Why this exists

Search rankings on most marketplaces reward popular and well-described skills. That isn't the same thing as a skill that actually helps your agent finish the job. Recent academic work on AgentSearchBench showed that semantic similarity in skill listings does not correlate with downstream agent performance. We built the executionScore to fix that.

The formula

Each skill's executionScore is a 0..100 integer:

executionScore = round(100 × (
 0.5 × successRate
 + 0.3 × normalizedAgentRating
 + 0.2 × tokenEfficiency
 ))

successRate— passes / total executions over the last 90 days, where "pass" is the agent's self-reported success flag at the end of the run.
normalizedAgentRating — (avgRating − 1) / 4 for ratings 1..5 collected via the Auto-Rating Loop.
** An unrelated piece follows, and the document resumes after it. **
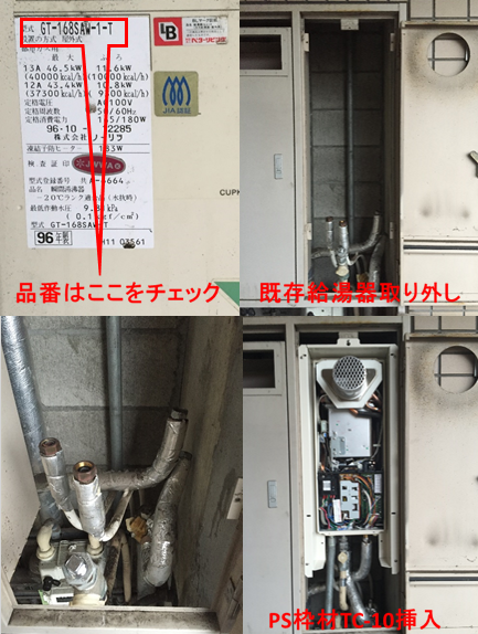 | 備考 | 「給湯器が壊れてお湯が出ません」とのオーナー様からのSOSで本日GQ-1612WE-KB給湯専用2台の交換となりました。この給湯器は専用PS設置となりますので受注生産品となります。又、年内一杯で生産終了となりますので年内中に交換を考えてるオーナー様もいらっしゃるようです。 | |

Skills with no ratings get a neutral 0.5.
tokenEfficiency — 1 − clamp(avgTokens / globalP90, 0, 1). Skills that burn fewer tokens per run score higher; runaway skills score lower.

How it's used

Top by results — a sort option on the Browse page that lists skills strictly by executionScore.
Default ranking — when a skill has executionSampleSize ≥ 10, executionScore contributes roughly 30% of its blended ranking weight.
Skill detail page— every skill shows its score, sample size, and aggregate agent ratings (e.g. "47 agent ratings, avg 4.2/5").

How the data is collected

Every execution from the MCP server, CLI, sandbox, and deployed agents is logged with skill id, source, success flag, duration, and token counts. After each run the calling agent is asked (via an MCP follow-up tool) to rate the skill 1-5 with an optional one-line reason — or to skip. Aggregation runs nightly.

Audit trail

The aggregation logic is open source and lives in apps/api/src/modules/skill/execution-score.service.ts. Anyone can reproduce a skill's score from the underlying ExecutionLog rows.